Biology and pathobiology of lysosomal/vacuolar system
Lyososme/vacuole is an organelle responsible for the degradation of both endocytosed extracellular proteins and endogenous cell proteins. Degradation of endocytosed proteins via lysosome is named heterophagy. Heterophagy contributes to nutrient intake, down regulation of plasma membrane receptors, and, in some specialized cells such as macrophage, degradation of large particles and invasive microorganisms. Degradation of endogenous cell proteins via lysosome is called autophagy. Autophagy profoundly contributes to cellular protein turnover by degrading bulky cell constituents non-selectively and collectively. Recent studies from many laboratories have revealed that autophagy significantly contributes to quality control of the cell by removing injured organelles and proteins produced by various environmental stresses such as reactive oxygen species, UV irradiation, chemical substances, etc. It has been also shown that autophagy is activated in apoptosis and that it plays pivotal roles in type II cell death. Thus, proper functioning of lysosomal/vacuolar system in heterophagy and autophagy is critical for cell survival.
The aims of our studies at the Department of Biochemistry are to characterize molecular machineries essential for autophagy and heterophagy, and understand regulatory mechanisms of lysosomal protein degradation.
1) Mechanism of mammalian autophagy
(Drs. Masaaki Komatsu, Isei Tanida, Takashi Ueno)

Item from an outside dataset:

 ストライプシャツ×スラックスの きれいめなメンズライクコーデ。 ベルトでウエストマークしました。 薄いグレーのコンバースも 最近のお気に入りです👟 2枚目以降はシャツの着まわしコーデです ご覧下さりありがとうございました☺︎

In autophagy, various cytosolic proteins and cell organelles such as mitochondria are sequestered into double-membraned autophagosomes. Autophagosomes then fuse with lysosomes to mature into autolysosomes, in which sequestered cytoplasmic components are degraded by lysosomal proteinases. There are 15 APG genes that are essential for the formation of autophagosomes. One unique and novel aspect of APG genes is that 6 APG gene products are directly involved in two independent but mutually crosstalking protein-conjugation pathways. In one conjugation pathway, Apg12p activated by Apg7p, an E1-like protein-activating enzyme, is transferred to Apg10p, an E2-like enzyme, and subsequently conjugated with Apg5p. In the other conjugation pathway, Apg8p activated by Apg7p, is transferred to Apg3p, another E2-like enzyme, and conjugated with a phospholipid. We are currently focusing our studies on the characterization of mammalian homologues of Apg3p and Apg10p. We are also investigating lipidation mechanism of three mammalian Apg8p homologues, GABARAP, MAP-LC3, and GATE-16.

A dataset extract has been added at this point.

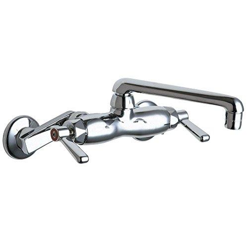 Optimize water efficiency and regulate usage by outfitting your sink with this Chicago Faucets wall-mounted manual sink faucet with adjustable centers and 6" S-type swing spout. Designed with a 6" S-type swing spout, this faucet combines functionality with style. This unit is equipped with a pressure compensating Softflo aerator that releases a soft, non-splashing flow of water at 2.2 GPM. This unit has a rated operating pressure of 20 to 125 PSI and a rated operating temperature of 40 to 140 degrees Fahrenheit for optimal performance. With its durable, cast brass construction and polished chrome finish, this faucet has a total lead content of less than or equal to 0.25% for your safety. It boasts a 3 3/8" body, adjustable arms, and 3" to 8 3/8" adjustable centers that allow it to match the centers on your sink or mounting surface with ease. The hot and cold, vandal-proof 2 3/8" lever-style handles are color-coded for easy identification. Control water flow and prevent leaks with the help of the Quaturn compression operating cartridges. The wall-mounted design is easy to install, and it uses a 2 1/2" offset inlet supply arm. Overall Dimensions: Spout Length: 6" Faucet Height: 2 1/2"
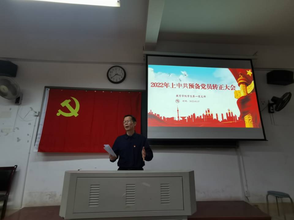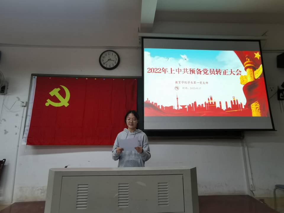 支部书记邓魁老师对本次大会进行总结。邓魁老师首先向39名如期转正的预备党员同志表示了热烈的祝贺。其次对康红蕾同志提出了表扬。康红蕾同志经常积极主动向入党培养人汇报思想、学习、工作情况,邓魁老师希望大家都向其学习,定期向领导、同学汇报自身情况以不断促进自身的进步。接着,邓魁老师对支部的战斗力、凝聚力以及取得的成绩表示充分肯定,并希望继续和同志们一同努力将支部建设得更好。最后邓魁老师对各位党员同志提出了几点希望:第一,不断重温入党誓词,真正做到不忘初心、牢记使命;第二,逐步明确自己新的奋斗目标,鞭策自己、不断进取;第三,养成终身学习的品质,做永久奋斗者。

2) Mechanisms of neuronal ceroid-lipofuscinoses
(Drs. Junji Ezaki, Isei Tanida):
Neuronal ceroid lipofuscinoses are severe neuronal inherited disorders of children. Etiologically, the diseases are classified into 8 subtypes (CLN1~CLN8). Mutations in responsible genes have been identified in CLN1, which encodes a protein thioesterase 1; CLN2, which encodes tripeptidylpeptidase 1 (TPP1); CLN3, CLN5, CLN6, and CLN8, which encodes transmembrane proteins whose functions have yet to be clarified. Protein thioesterase 1, TPP1, and CLN3-gene product are localized on lysosomes and specific accumulation of subunit c of mitochondrial F1F0-ATPase are found in CLN2, CLN3, CLN4, CLN5, and CLN6. Being interested in pathological connection between CLN2, CLN3, and CLN6, we are currently studying two subjects: biosynthesis and sorting process of TPP1 and Cln3p, and isolation and identification of lysosomal proteins interacting with TPP1 and Cln3p.
In addition to these standing programs, which are being performed by the department staff, an inter-institutional collaborative research program is also in progress. In cooperation with the Department of Anatomy and Cell Biology, Osaka University (conducted by Dr. Uchiyama), pathological features of cathepsin D-deficient mice have been investigated, in particular, in relation to the dysfunction of autophagy. We also collaborate with Drs. Keiji Tanaka and Tomoki Chiba at the Department of Molecular Oncology, the Tokyo Metropolitan Institute of Medical Science, to study autophagy dysfunction in Apg7p-deficient mice.